**DATA SEGMENT:**

────────

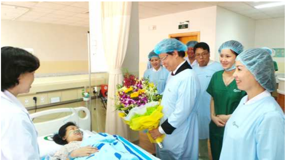
SẢN PHỤ CA ĐỀ ĐẦU TIÊN TẠI BỆNH VIỆN QUỐC TẾ GREEN - 10/10/2014
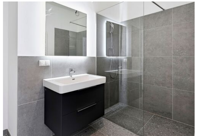
Esterhazygasse 28 | Badezimmer
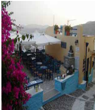
Il piccolo bar di Ano Syros

────────

Transcribe the whole listing above exactly and leave out the pictures.

**PROBLEM SOLUTION:**
SẢN PHỤ CA ĐỀ ĐẦU TIÊN TẠI BỆNH VIỆN QUỐC TẾ GREEN - 10/10/2014
Esterhazygasse 28 | Badezimmer
Il piccolo bar di Ano Syros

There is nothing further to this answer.